The first change is that until further notice, we will not be disabling Basic Auth for any protocols that your tenant is using. When we resume this program, we will provide a minimum of twelve months notice before we block the use of Basic Auth on any protocol being used in your tenant.

We will continue with our plan to disable Basic Auth for protocols that your tenant is not using. Many customers don’t know that unneeded legacy protocols remain enabled in their tenant (Security Defaults takes care of this for newly created tenants now). We plan to disable Basic Auth for these unused protocols to prevent potential mis-use. We will do this based on examining recorded usage of these protocols by your tenant, and we will send Message Center posts providing 30 days notice of the change to your tenant. This work will begin in a few months.
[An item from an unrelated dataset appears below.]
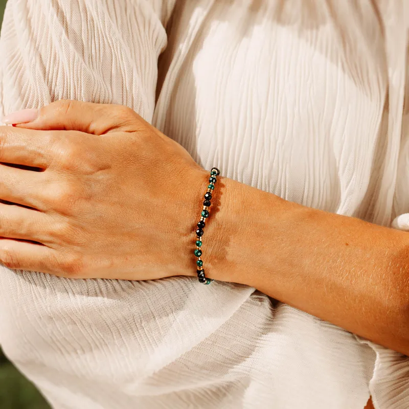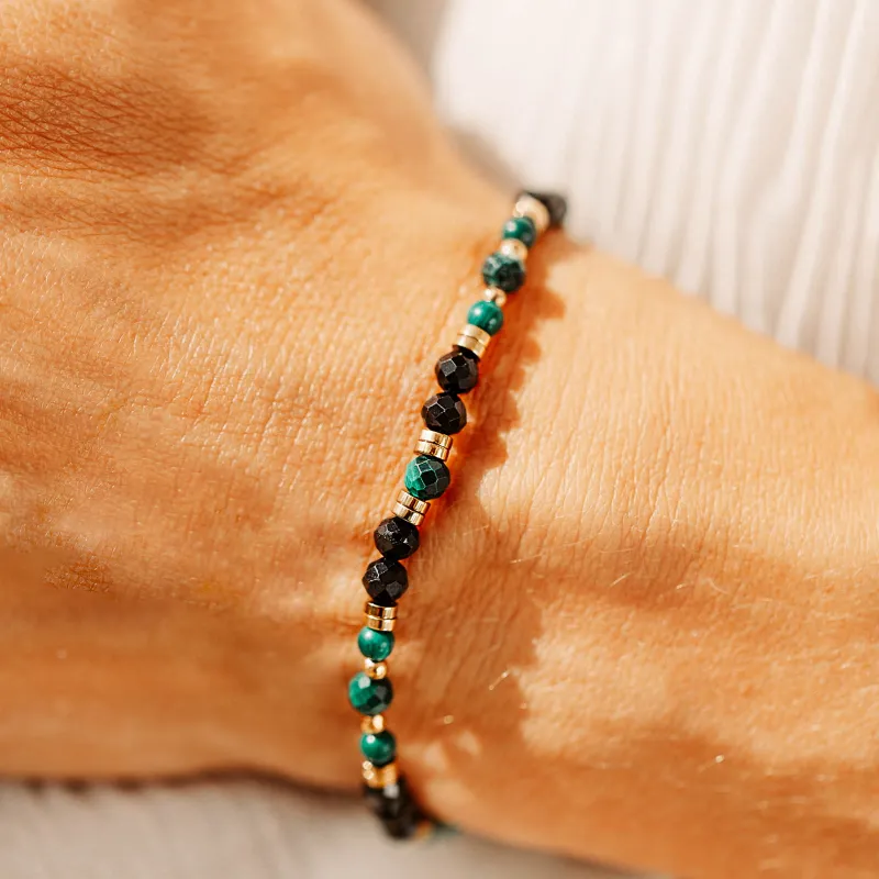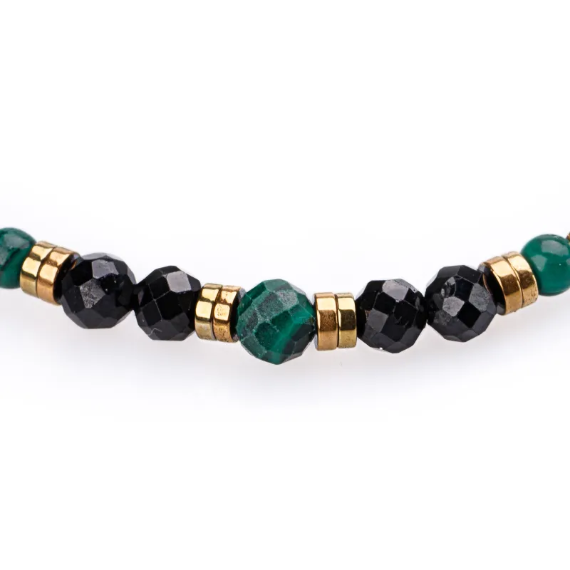 - Malachit: Zielony malachit, kamień obfitości i dobrobytu, wnosi do bransoletki energię wzrostu i rozwoju. Pomaga przyciągać bogactwo nie tylko w sensie materialnym, lecz także duchowym, otwierając serce na nowe możliwości i inspirując do działania. Jego kolor symbolizuje nadzieję i odrodzenie.

The next change to the previously announced plan is that we are adding MAPI, RPC, and Offline Address Book (OAB) to the protocols included in this effort to further enhance data protection.

As clarified in previous blogs, Outlook depends upon Exchange Web Services (EWS) for core features; therefore, tenants using Basic Auth with Outlook must enable Modern Auth before Basic Auth for EWS is disabled. Outlook uses only one type of authentication for all connections to a mailbox, so including these protocols should not adversely affect you. If EWS has Basic Auth disabled, Outlook won’t use Basic Auth for any of the other protocols or endpoints it needs to access.

At this time, we are not including AutoDiscover, another protocol and endpoint used by Outlook. There are two reasons for this. First, AutoDiscover doesn’t provide access to user data; it only provides a pointer to the endpoint that the client should use to access data. Second, as long as a tenant has some EWS or Exchange ActiveSync (EAS) usage, AutoDiscover is necessary for client configuration. Once Basic Auth is disabled for the vast majority of tenants, we’ll consider disabling Basic Auth for AutoDiscover.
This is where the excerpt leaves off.